Where will the coastal year-rounders live?
Adapted from Robert Whitcomb’s “Digital Diary,’’ in GoLocal24.com
‘Many coastal communities in New England face severe housing shortages for year-round residents of modest means. Around here, Nantucket, Martha’s Vineyard and Block Island are infamous for this problem.
Consider Stonington, Maine, on Deer Isle. There, 80 percent of its shorefront is now owned by non-residents (mostly summer people), as are 56 percent of that fishing (mostly lobsters) port’s downtown properties, according to a report in the Portland Press Herald
The usually affluent summer folks bid up real estate prices to levels unaffordable to most year-rounders.
So where will the carpenters, yard-work people, plumbers, electricians and schoolteachers live? Perhaps some elderly summer people will leave their summer McMansions to towns to be converted into affordable housing. Just joking. But something must be done if these towns are going to have enough of the locals who make communities viable for year-round and summer people. That includes zoning changes and/or having states subsidize the construction of new housing in some places.
Sliding down winter in Camden
Camden, Maine, on the Pine Tree State's Mid-Coast and, very unusual for New England, with (low) mountains behind its gorgeous harbor, is a famed summer place for the affluent "from away''. But it's beautiful and fun year round.
The high point of the winter is the annual U.S. National Toboggan Championships, this year to be held Feb. 9-11, as usual at the Camden Snow Bowl. It includes a party in the woods, with a bonfire, food and music. In warmer weather, admire Camden's famous schooner fleet.
LePage eyes big 'nonprofits' for property-tax revenue
"Misty Morning, Coast of Maine,'' by ARTHUR PARTON.
Maine Gov. Paul LePage can sometimes sound like a lunatic. The most amusing example of this might be his ouster of a mural depicting the Pine Tree State's labor history from the state Department of Labor's building in Augusta. He doesn't like unions!
It bears noting, by the way, that both times he's been elected governor he received a minority of votes but won anyway because his Democratic and independent foes split the relatively liberal vote, thus electing Mr. LePage, a Tea Party Republican, governor of a state that generally leans slightly left.
It's an interesting state socio-economically: some strips of wealth (especially in the summer) along the immediate coast from the New Hampshire line to Mt.
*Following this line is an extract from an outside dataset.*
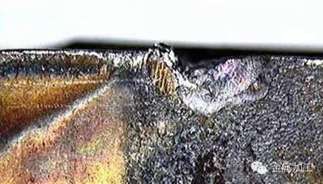 劇烈的溫度波動與機械沖擊可能造成熱機械失效。應力裂紋會沿刀片刃口形成,最終造成刀片的硬質合金部分脫落,看起來有點類似于微崩。

Desert Island and pockets of affluence in a couple of towns on the eastern edge of the White Mountains but generally a lot of poverty inland and in northern Maine. Sort of an Arctic Appalachia set off from the cold-water Riviera of such plush towns as Camden and York and Bar Harbor.
However, the sometimes fiery Mr. LePage is on to something right in proposing to end the property-tax exemption of some big nonprofits.
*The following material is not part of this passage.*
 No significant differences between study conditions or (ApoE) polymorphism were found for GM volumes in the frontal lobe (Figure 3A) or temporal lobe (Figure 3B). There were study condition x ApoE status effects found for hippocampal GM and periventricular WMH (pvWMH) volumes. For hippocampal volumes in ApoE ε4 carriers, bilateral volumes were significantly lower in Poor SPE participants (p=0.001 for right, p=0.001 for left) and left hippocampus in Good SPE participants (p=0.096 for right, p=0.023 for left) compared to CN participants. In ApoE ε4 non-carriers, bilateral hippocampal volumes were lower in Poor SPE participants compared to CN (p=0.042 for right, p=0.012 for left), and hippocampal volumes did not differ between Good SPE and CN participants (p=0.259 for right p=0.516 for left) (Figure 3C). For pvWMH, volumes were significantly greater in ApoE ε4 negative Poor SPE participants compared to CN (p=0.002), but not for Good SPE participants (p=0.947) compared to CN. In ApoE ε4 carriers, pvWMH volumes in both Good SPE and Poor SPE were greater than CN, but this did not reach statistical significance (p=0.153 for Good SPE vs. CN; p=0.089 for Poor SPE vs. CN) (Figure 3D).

The fact is that many big "nonprofits'' are hugely profitable for their senior executives, who pay themselves more than they'd earn in many equivalent positions of responsibility in the for-profit sector.
Rather than paying out profit to shareholders in dividends and capital gains, the organizations enrich the "nonprofit'' execs with fat, always inflation-proof pay and Cadillac "fringe'' benefits virtually unseen in the officially "for-profit'' sector.
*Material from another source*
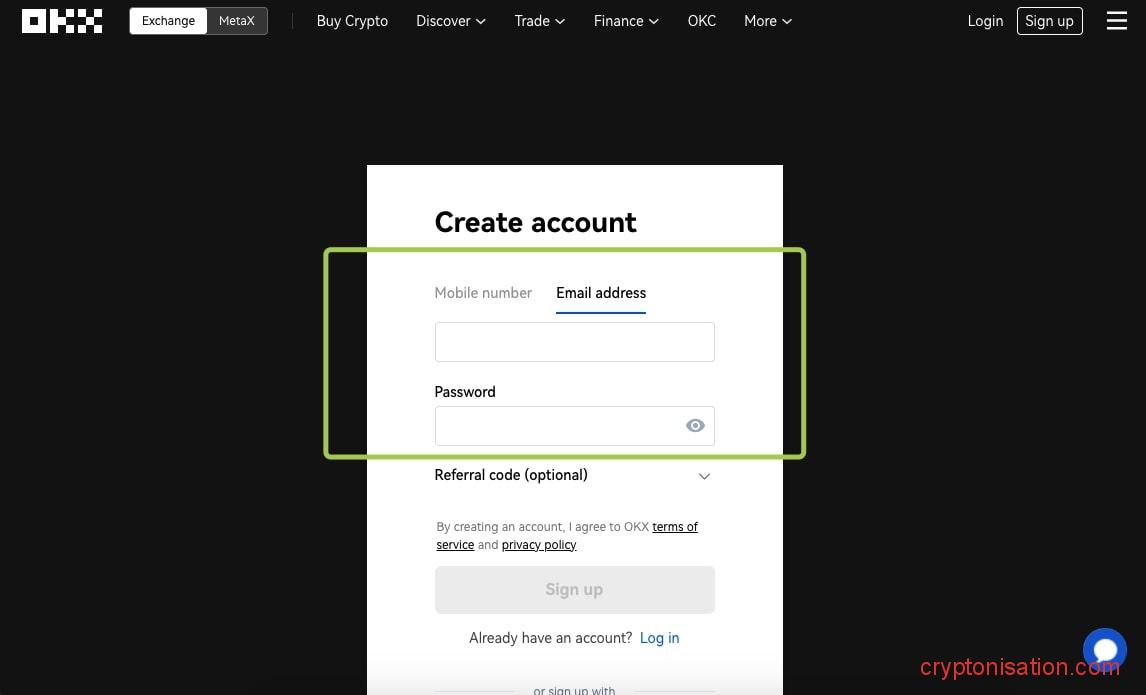 Начало регистрации на OKX - Заполняем форму регистрации: указываем адрес электронной почты (или номер телефона);

Some of these big ''nonprofits'' can also be goldmines for members of their boards who use them to make and maintain business deals and even directly steer money to their enterprises.
Some big "nonprofits'' endlessly expand their administrative staffs into vast populations of vice presidents, etc., as part of the CEO's empire building. (A few years ago I was approached to work as an executive for a large, rich "nonprofit''. I was astonished at the overstaffing of administrators, the endless time burned up in meetings, the geological time taken to make even a minor decision. I'm more used to the much harsher and more decisive world of regular business, which, if anything, has become even more "heartless'' in the past 30 years.)
Most nonprofits, of course, are just scraping along. I have served on the boards of a few of these and hugely admire the work they do to keep their civic missions going, though they're probably are too many nonprofits. Lots of cannibalization of charitable money going on.
Rather, I'm talking here about some some big ones, especially in education and healthcare.
In any event, far too many citizens forget that when an outfit has ''nonprofit'' status or a sexy company gets a sweetheart tax break because a public official wants to take credit for the company's (usual broken) promise of new jobs, and get into a photo op, that others must make up the lost tax revenue to pay for the better schools, roads, bridges, health inspectors and so on that we all need.
All hail Governor LePage for raising this issue.